Wednesday, April 27, 2011

Mr. Right vs. Mr. Right Now

Good day to all of my fellow aliens, I hope everyone is diligently preparing for summer festivities.  I’m here sitting in my spaceship, and I just thought of an interesting question to ask Pistolera and the rest of our faithful readers.  What is the process in which women categorize the men in their lives?  I believe the popular phrase is Mr. Right vs. Mr. Right Now.

In my sophomoric imagination, I would think there would be a long questionnaire that a man would have to fill out.  Based on that questionnaire, coupled with a few dates and maybe a few “test drives,” the woman could properly categorize that man and their future interactions.

What are the prerequisites? Are there advantages of being in one group versus the other? Can a man switch from one group to other over the course of the woman knowing him?

In my opinion, I would like to create a third category, Mr. Hugh Hefner.  Now Mr. Hugh Hefner would be that guy that you know who lives in a mansion with beautiful aliens and has delightful parties all while managing a multi-million dollar company.  You know, he doesn’t care how he’s categorized; he’s comfortable living as he is -- his own man.

Lightsabers up!
Darth Vader Jr.

Here's a question for you in return: have you ever looked at a couple and said, who would ever date/marry/touch that person?  Well, I have - and you're lying if you say you haven't.  The conclusion I've come to is that there is a Mr./Ms. Right for everyone.  So, if we assume there is only one for us (this is a highly debatable point, I know), by definition everyone who comes before is only Mr. Right Now. 

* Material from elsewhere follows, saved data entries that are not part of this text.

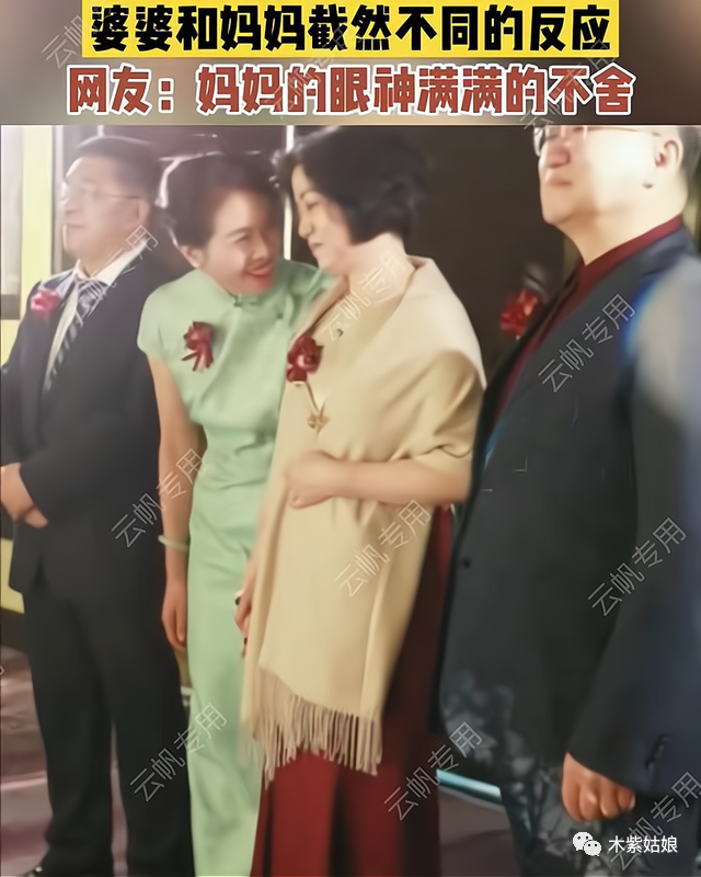 有网友分析的很精辟,她说,一个是添丁进口,一个是养了好多年的女儿给了人家,心情肯定是不一样的,所以说,新郎和公婆要善待每一个儿媳。
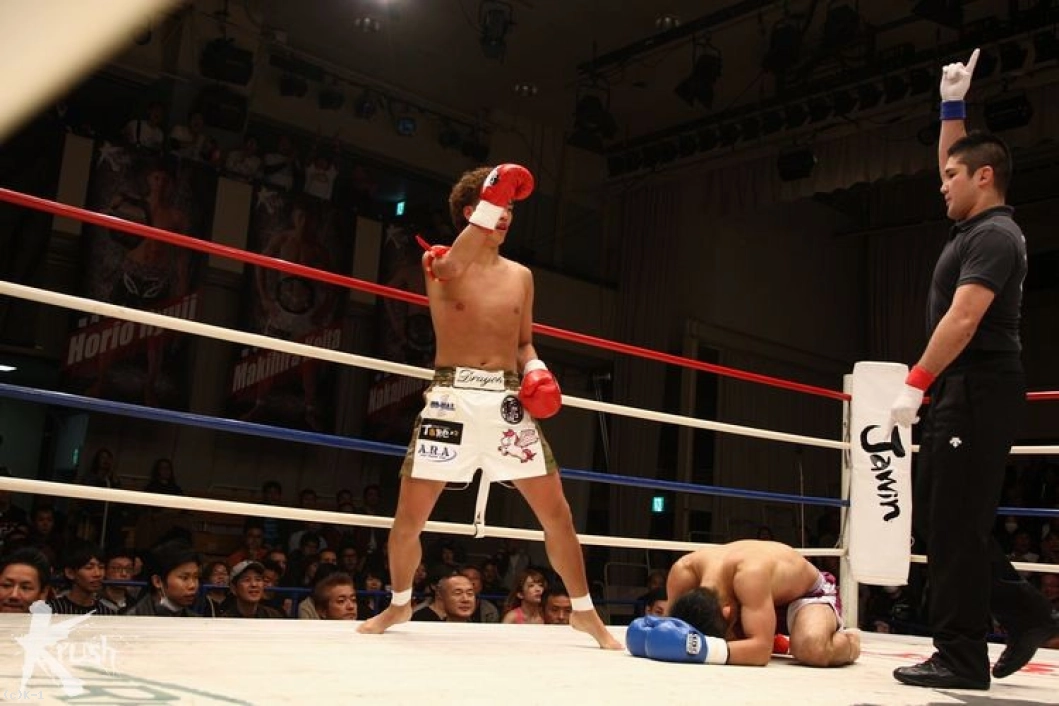 「(初KO勝利でしたが?)いつもの感じで勝てたという感覚なので、まだKOという実感がないですね(苦笑)。(仕切り直しの試合として、この勝利は大きい?)ああ、だいぶ大きいと思います。ベルトにもからんでいきたいなと思います。(58kg以下級の手応えは?)そうですね、自分の階級なのかなって思います。(来年の目標は?)来年は必ずKrushのベルトを獲ります」
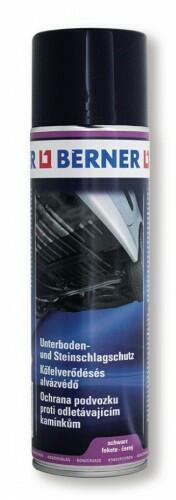 Berner alvázvédő spray fekete Berner kőfelverődés elleni- és alvázvédelem. Berner alvázvédő spray gépkocsi- fenéklemezek, sárvédők, kerékdobok, mellső és hátsó köténylemez stb. tartós réteggel való ellátására. Gyorsan szárad. Véd a kőfelverődéssel és a korrózióval szemben. Ellenáll a víznek és a szórt sónak. Felhordáskor nem képződik köd, nem csepeg.
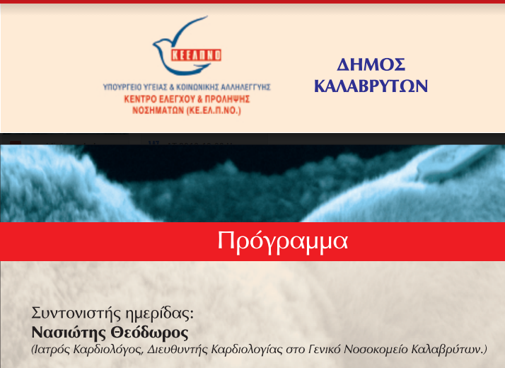 Συντονιστής της Ημερίδας ο Περιφερειακός Σύμβουλος Δυτικής Ελλάδας Θεόδωρος Νασιώτης, Ιατρός Καρδιολόγος, Διευθυντής Καρδιολογίας Γενικού Νοσοκομείου Καλαβρύτων.
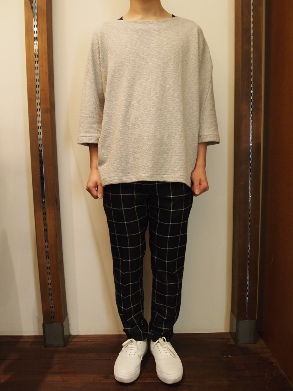 ゆるっとしたニットソー、今から暖かくなったり寒くなったりの時期にかなり使えそうです。 インナーをタンクトップにすれば、抜け感もあり、 長袖シャツを入れれば、レイヤードを楽しめます。 パンツに柄を持ってきて、メリハリのあるコーディネートに仕上げました。
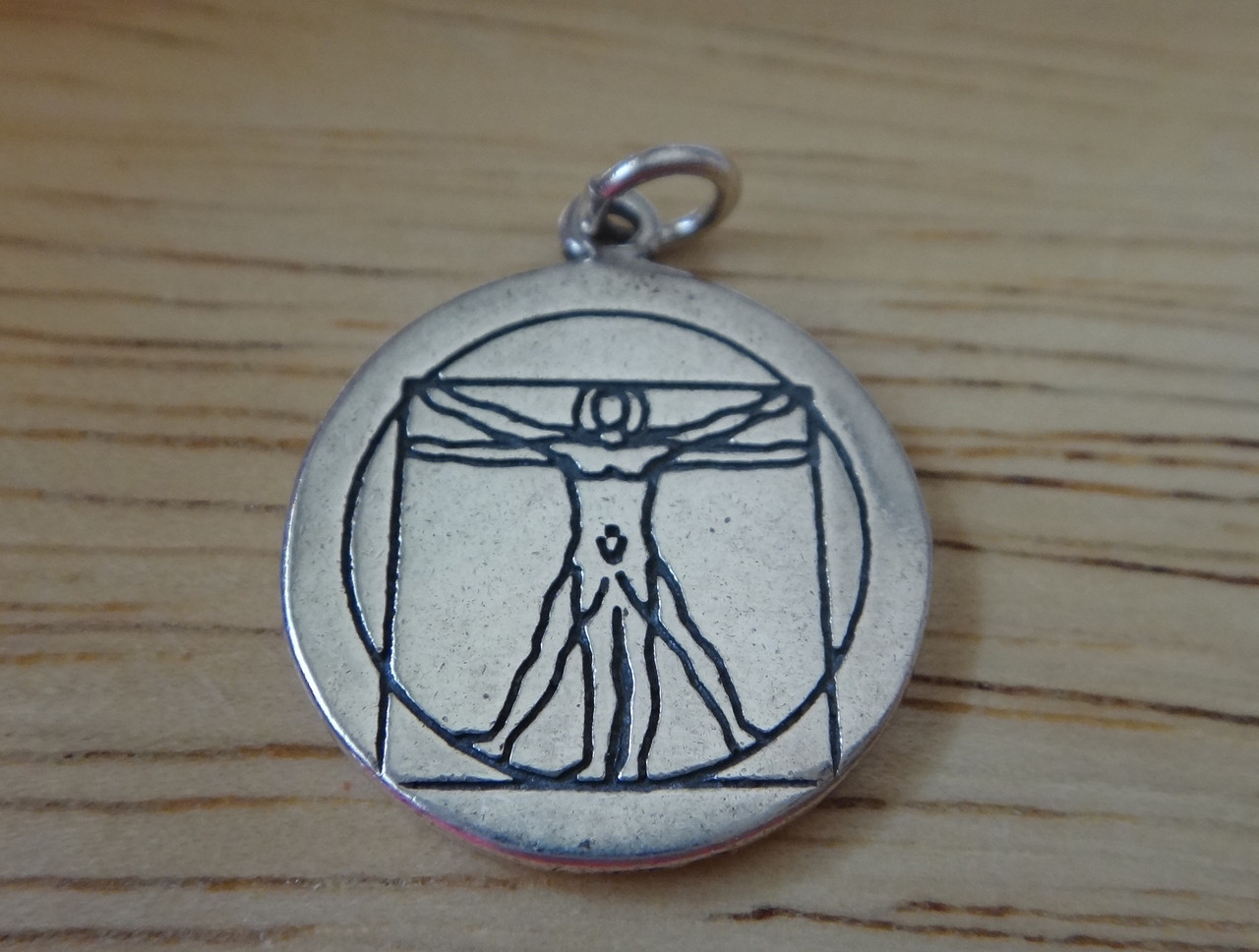 This round sterling silver charm says Vitruvian Man on one side and has the symbol of the drawing on the other. It is 18 mm in diameter. It weighs about 3-4 grams. The Vitruvian Man drawn by Leonardo da Vinci is the human body in a circle and square taken from a passage about geometry and human proportions in Vitruvius' writings.

Women do categorize, and the advantages of being in one category versus another depends on the man's purposes.  If he wants to hit-it-and-quit-it, he probably doesn't care -- he's going to leave anyway.  If he wants to be in a relationship with the woman, he can still do that in either case, but she'll be a bit more settled (and content) in the relationship if she thinks he's Mr. Right from the start.  If she thinks you are Mr. Right Now, she is still looking for Mr. Right, so she's not focused on you and seeing your full potential.  There are also dangers to one side thinking the other is the Right one: when both sides are not on the same page, it inevitably leads to hurt feelings and broken hearts.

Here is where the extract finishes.